Just to add to your point, I had similar experience with VLAN.
Especially when it comes to providing VLAN as a service, either data or
voice/video. There are so many ways to do it and it is almost impossible
for the NMS not to do one special set of coding for each device.  And
thus we are always in the 'catching up' mode.

-faye

-----Original Message-----
From: Juergen Schoenwaelder [mailto:schoenw@ibr.cs.tu-bs.de] 
Sent: Tuesday, January 07, 2003 12:22 PM
To: david.durham@intel.com
Cc: xmlconf@ops.ietf.org
Subject: Re: Perspective: XML's ticking time bomb


>>>>> Durham, David writes:

Dave> Nevertheless, there are many examples where translations are
Dave> possible.
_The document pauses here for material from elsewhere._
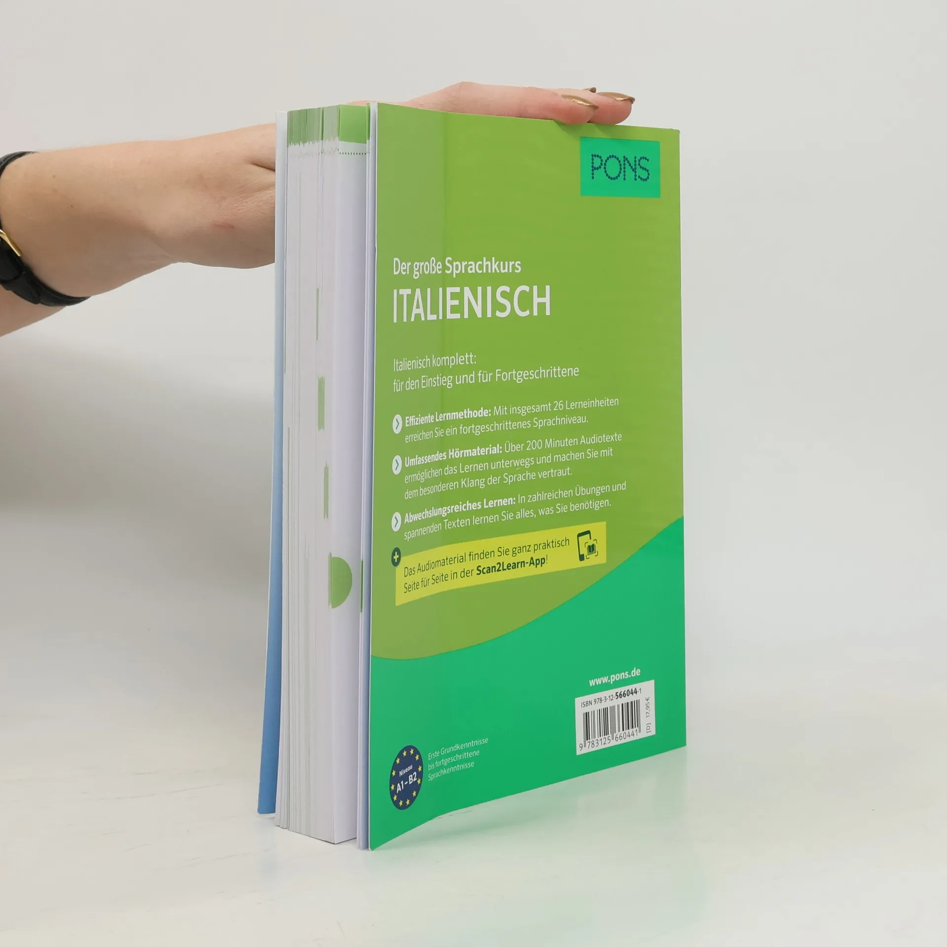 Italienisch komplett: für den Einstieg und für Fortgeschrittene Effiziente Lernmethode: Mit insgesamt 26 Lerneinheiten erreichen Sie ein fortgeschrittenes Sprachniveau. Umfassendes Hörmaterial: Über 200 Minuten Audiotexte ermöglichen das Lernen unterwegs und machen Sie mit dem besonderen Klang der Sprache vertraut. Abwechslungsreiches Lernen: In zahlreichen Übungen und spannenden Texten lernen Sie alles, was Sie benötigen. Das Audiomaterial finden Sie ganz praktisch Seite für Seite in der Scan2Learn-App! Niveau A1-B2: Erste Grundkenntnisse bis fortgeschrittene Sprachkenntnisse

Typically, we are concerned with scenarios where a new
Dave> protocol or technology is developed. The technology and its
Dave> related standards would dictate what the management interface
Dave> exposes. If the technology is well-defined and implemented in a
Dave> similar way across products, it follows so would the semantics
Dave> of the underlying management model.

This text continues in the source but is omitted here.